Patrol vessel of the United States Navy

USS Somersworth (PCE(R)-849) was a United States Navy PCE(R)-848-class Patrol Craft Escort (Rescue), in commission from April 1944 to September 1965. The ship was named after the city of Somersworth, New Hampshire.

==Role==
Each ship of the PCER-848 class was an armed rescue ship built on the hull of the PCE (Patrol Craft Escort) by the Pullman-Standard Car Manufacturing Company in Chicago, Illinois. The ships were to serve three missions: damage control / firefighting; casualty treatment / evacuation; and patrol / guardship. Each ship's hospital contained 65 beds, with a surgical suite, and X-ray facilities. The medical department consisted of a staff of 11 doctors and hospital corpsmen.

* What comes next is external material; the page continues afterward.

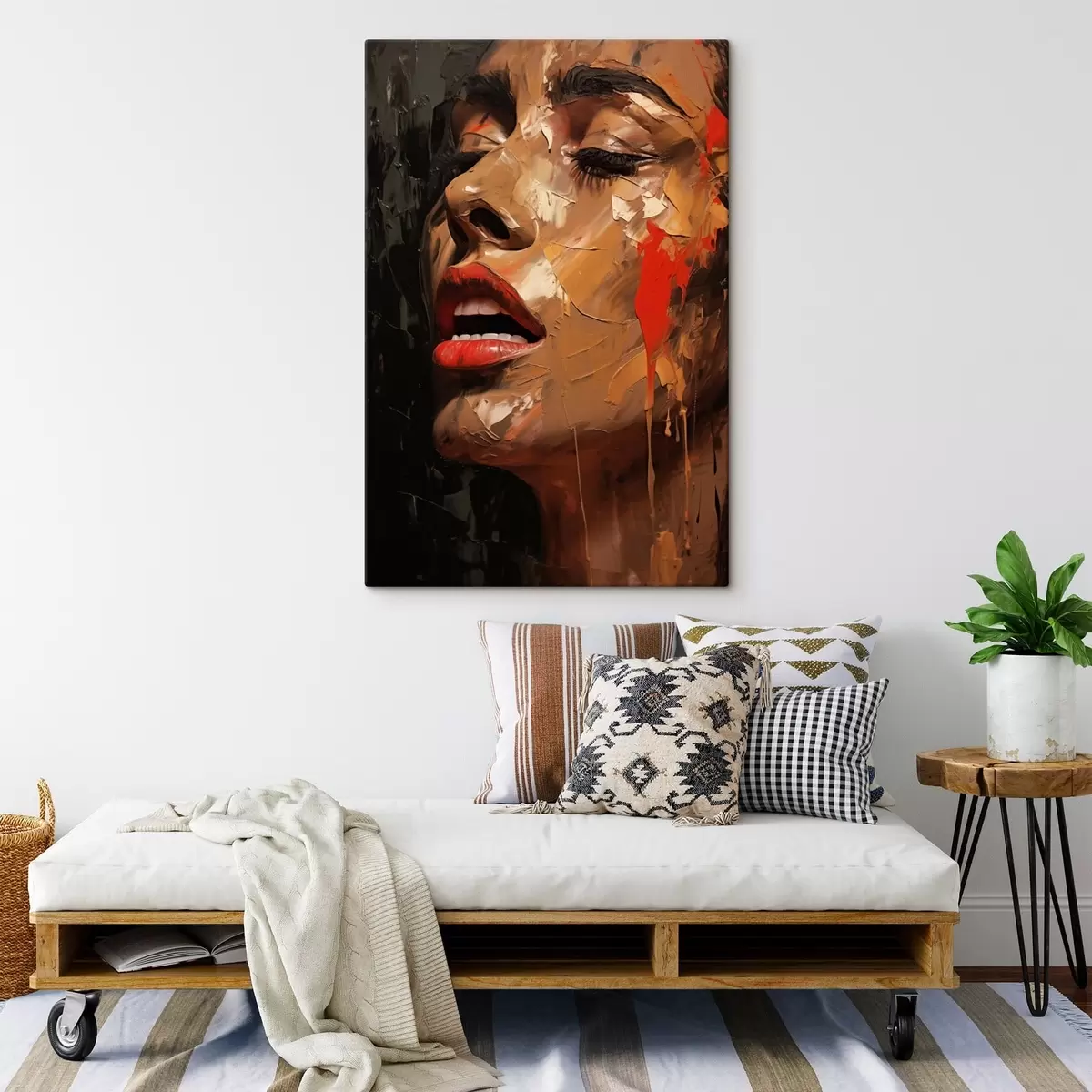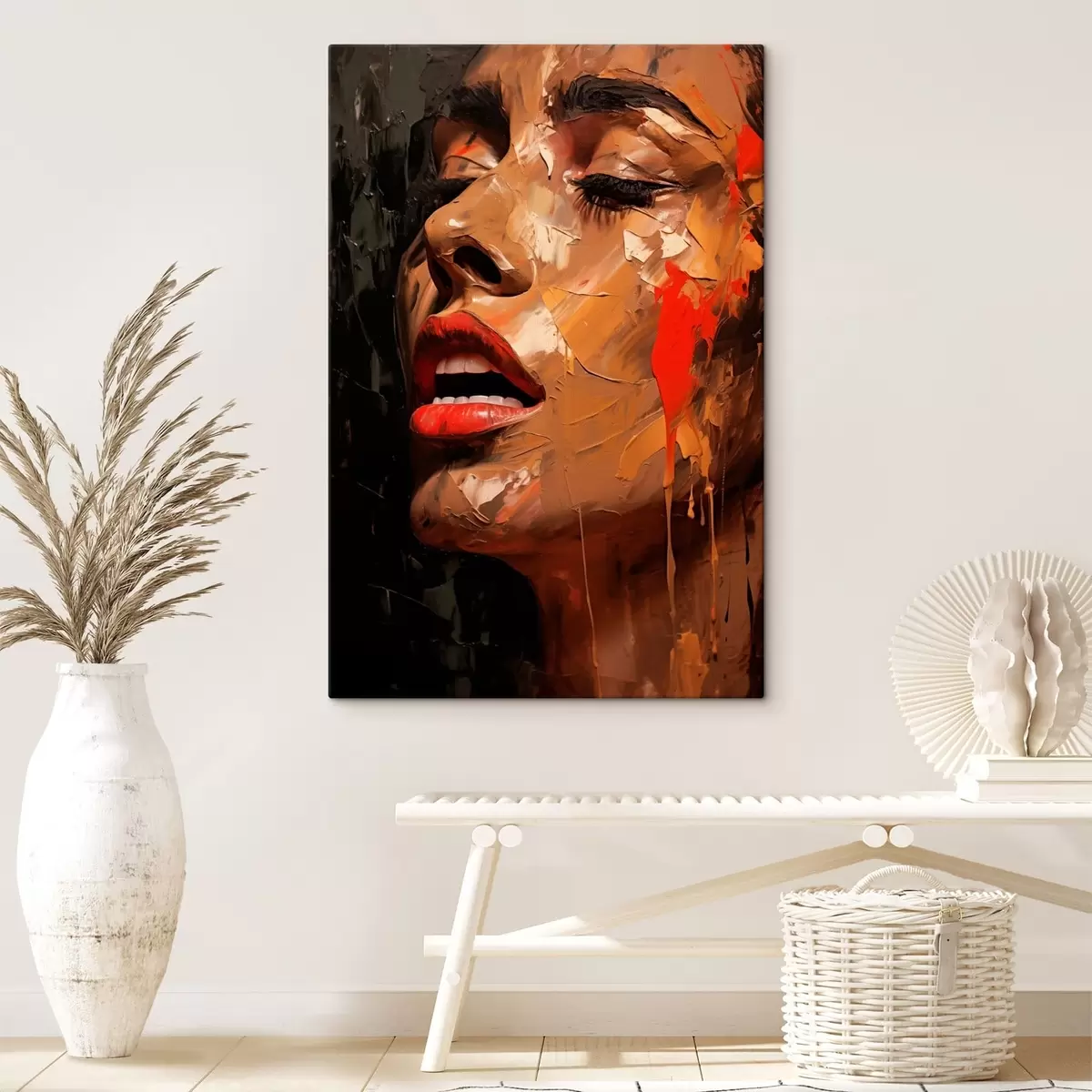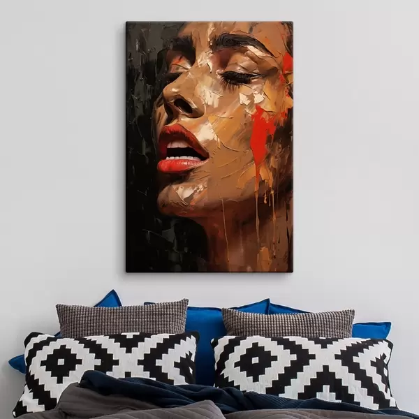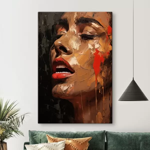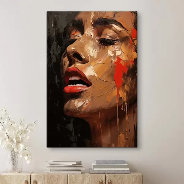 Vászonkép Női portré meleg ecsetvonásokkal és vörös tónusokkal Nr s47294

Three ships of the class—PCER-848, -849 and -850—were refitted and their hospital spaces converted into communications centers to support the US Army's activities in the Pacific Theater.

==Service history==
The ship was laid down on 24 September 1943 by the Pullman-Standard Car Manufacturing Company of Chicago, launched on 31 January 1944, and commissioned as USS PCE(R)-849 on 11 April 1944. The ship was at the Battle of Leyte Gulf in October 1944. It was also present at the surrender of Japan in Tokyo Bay on 2 September 1945, and was the first American ship to dock post-war at the Port of Tokyo. The ship received three battle stars for service during World War II.

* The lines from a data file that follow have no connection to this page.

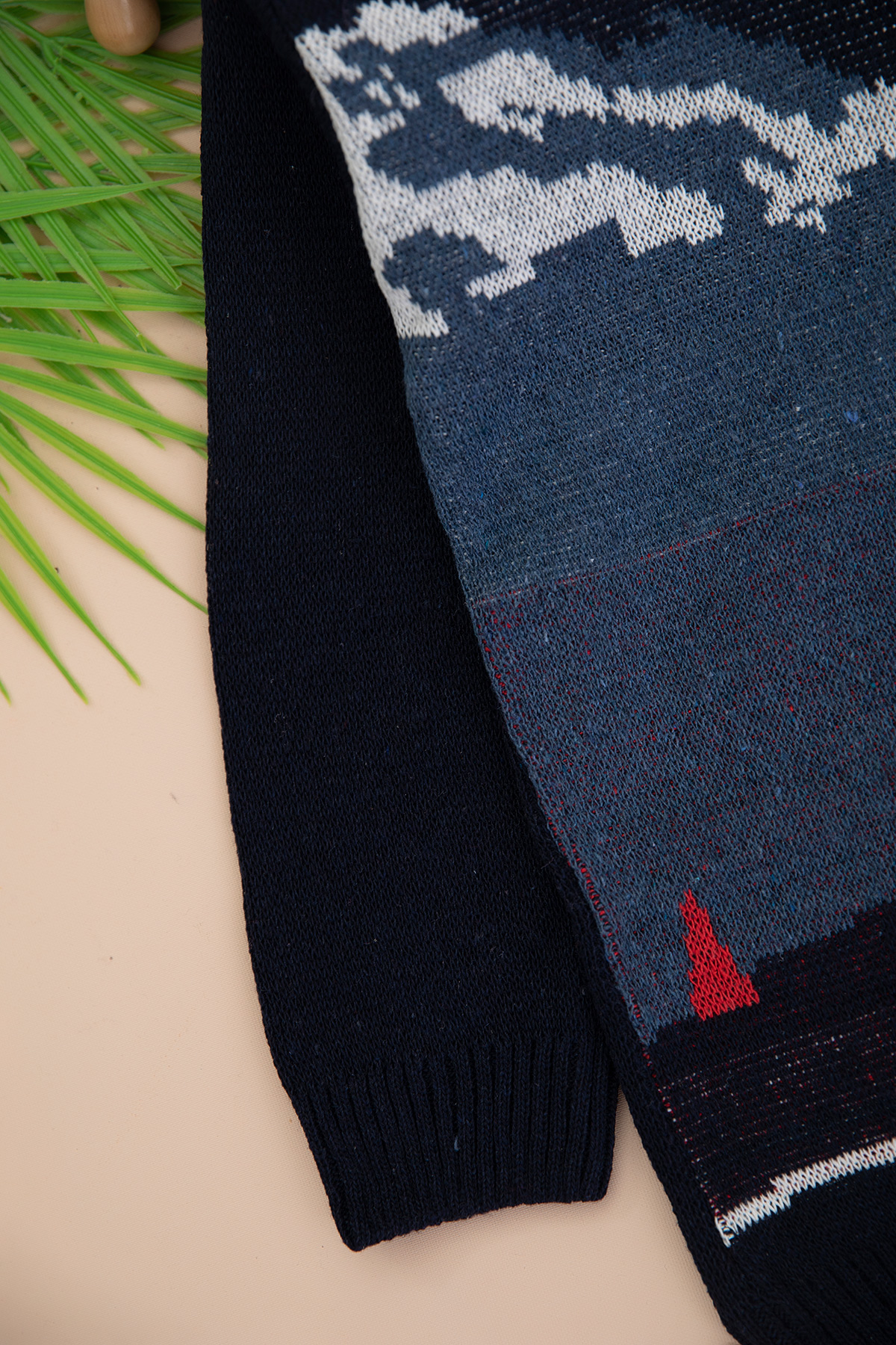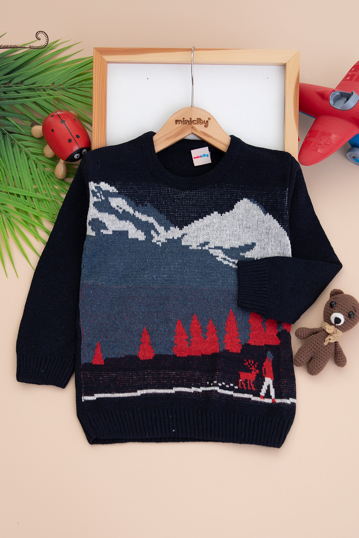 Erkek Çocuk Manzara Nakışlı Kazak (4-6 Yaş)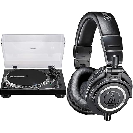 Audio-Technica LP120xBTUSB Direct-Drive Turntable (Bluetooth & USB) Black & M50x Professional Monitor Headphones Black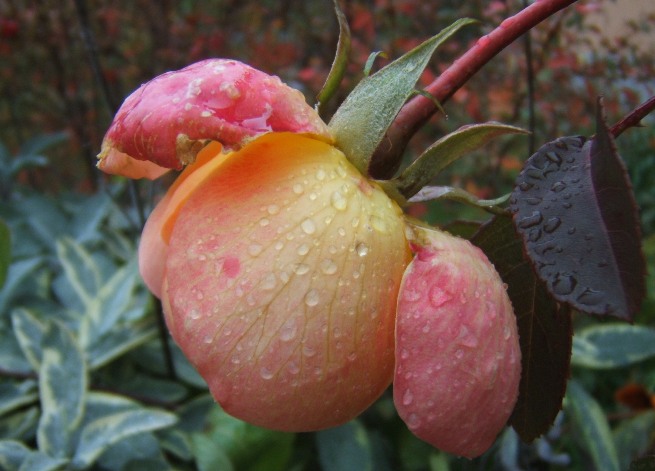 Jude the Obscure versucht noch eine seiner herbstbunten Knospen zu öffnen. In der Vase duftet noch eine Blüte.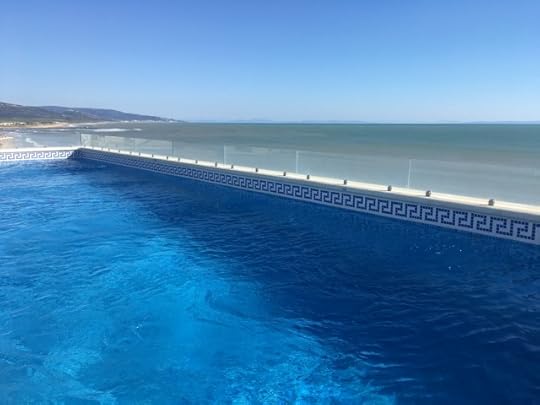 Ii is still the off-season here, too cold for swimming, but not so cold that the locals aren't ready for the tourists. Our vacation apartment building was almost empty, but that will change. Atop the building, the pool is filled and ready. There is the blue of the pool, and the green-brown-blue of the bay.

From 1946 to 1965, the ship was stationed at New London, Connecticut, at the Naval Underwater Sound Laboratory. The ship was named USS Somersworth on 15 February 1956.

On 17 July 1957, three crew members were killed and eight were injured (four seriously) by an explosion when the ship was approximately 90 mi southeast of Montauk, New York. The blast was attributed to the premature detonation of explosives used for underwater sound tests. The four seriously injured crew members were transferred to the nearby RMS Queen Mary, which was en route from New York City to England, and later transported to Newport, Rhode Island, by the USS Sunbird. One injured seaman had to have his left leg amputated. The Navy later issued dereliction of duty letters to the ship's commander and gunnery officer.

In 1959, the ship was reclassified as EPCE(R)-849, an Experimental Patrol Craft Escort (Rescue). The ship was decommissioned in September 1965 and was struck from the naval register on 1 April 1966. It was later sold, and then scrapped in 1972 at Portsmouth, Virginia.

==Legacy==
USS Somersworth Park is located in the city that the ship was named for—Somersworth, New Hampshire—at the intersection of Main Street and Market Street. A memorial to crew members who served on the ship is located in Stein Park on Main Street.

On July 17, 2004, a reunion of 32 personnel who had served on the ship, including four former captains, was held in Somersworth.